Note: you may need to restart the kernel to use updated packages.


In [2]:
# Standard Libraries
import os
import logging                  
import warnings   
from pathlib import Path

# Numerical Computing
import numpy as np
import torch

# Hugging Face Hub for Model Download
from huggingface_hub import hf_hub_download

# LangChain Components
from langchain_community.llms import LlamaCpp
from langchain_community.vectorstores import Chroma
from langchain.document_loaders import PyPDFLoader
from langchain.text_splitter import CharacterTextSplitter

# Sentence Transformers for Embeddings
from sentence_transformers import SentenceTransformer

# ChromaDB for Vector Storage
import chromadb
from chromadb.utils import embedding_functions

# Transformers 
import transformers
import sentence_transformers

# Configurations

In [3]:
# Suppress Python warnings
warnings.filterwarnings("ignore")

In [4]:
# Create logger
logger = logging.getLogger("notebook_logger")
logger.setLevel(logging.INFO)

formatter = logging.Formatter("%(asctime)s - %(levelname)s - %(message)s", 
                              datefmt="%Y-%m-%d %H:%M:%S")  

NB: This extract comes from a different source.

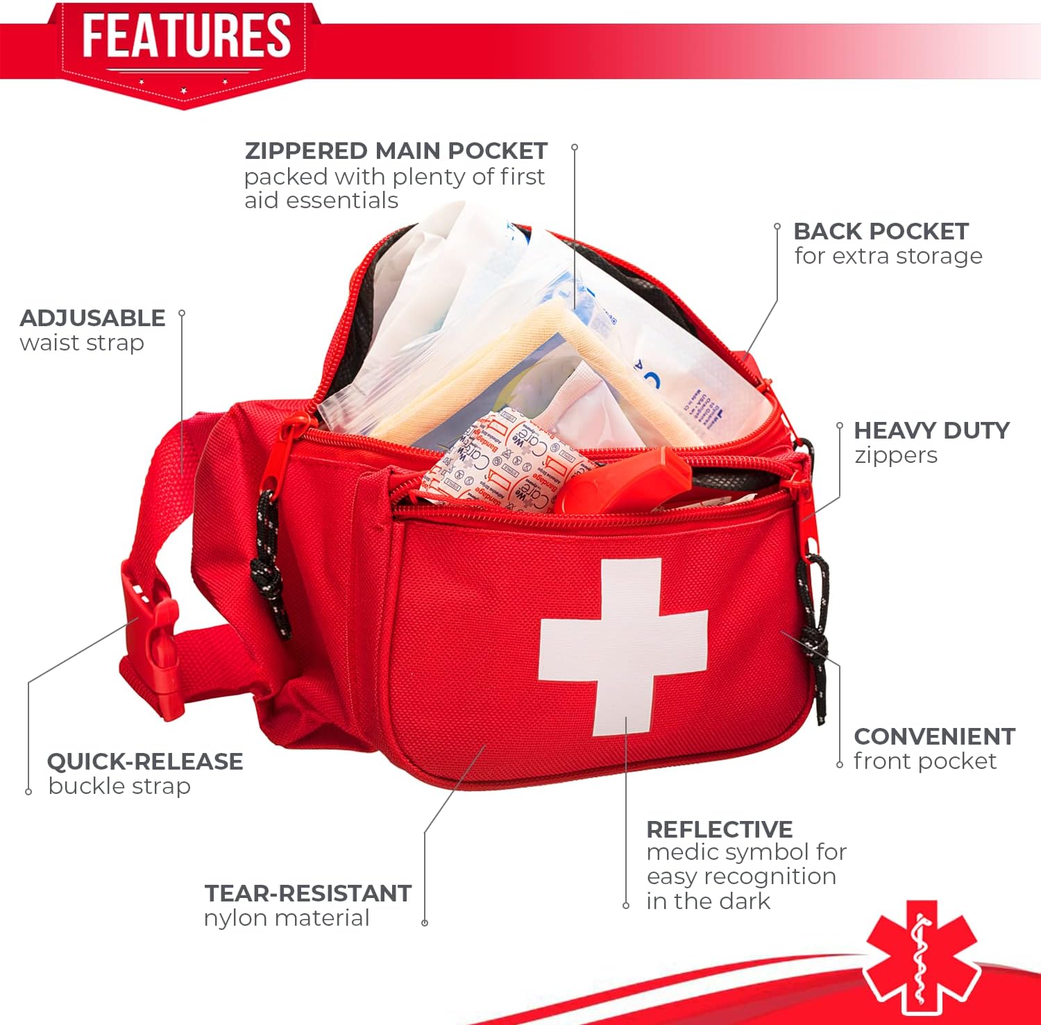 FUNCTIONAL DESIGN – The Hip Pack features a reflective medical symbol for easy identification of the rescuer/lifeguard to a swimmer in distress, and for easy recognition in the dark.

stream_handler = logging.StreamHandler()
stream_handler.setFormatter(formatter)
logger.addHandler(stream_handler)
logger.propagate = False

In [5]:
LOCAL_MODEL_PATH = "/home/jovyan/datafabric/llama2-7b/ggml-model-f16-Q5_K_M.gguf"
PDF_PATH = "../data/AIStudioDoc.pdf"
# Define text splitting parameters
CHUNK_SIZE = 500
CHUNK_OVERLAP = 50
# Define the embedding model name
EMBEDDING_MODEL_NAME = "all-MiniLM-L6-v2"
# Define Chroma database path and collection name
CHROMA_DB_PATH = "./chroma_db"
COLLECTION_NAME = "document_embeddings"

In [6]:
logger.info('Notebook execution started.')

2025-04-27 15:58:24 - INFO - Notebook execution started.


# Verify Assets

In [7]:
def log_asset_status(asset_path: str, asset_name: str, success_message: str, failure_message: str) -> None:
    """
    Logs the status of a given asset based on its existence.

    Parameters:
        asset_path (str): File or directory path to check.
        asset_name (str): Name of the asset for logging context.
        success_message (str): Message to log if asset exists.
        failure_message (str): Message to log if asset does not exist.
    """
    if Path(asset_path).exists():
        logger.info(f"{asset_name} is properly configured. {success_message}")
    else:
        logger.info(f"{asset_name} is not properly configured. {failure_message}")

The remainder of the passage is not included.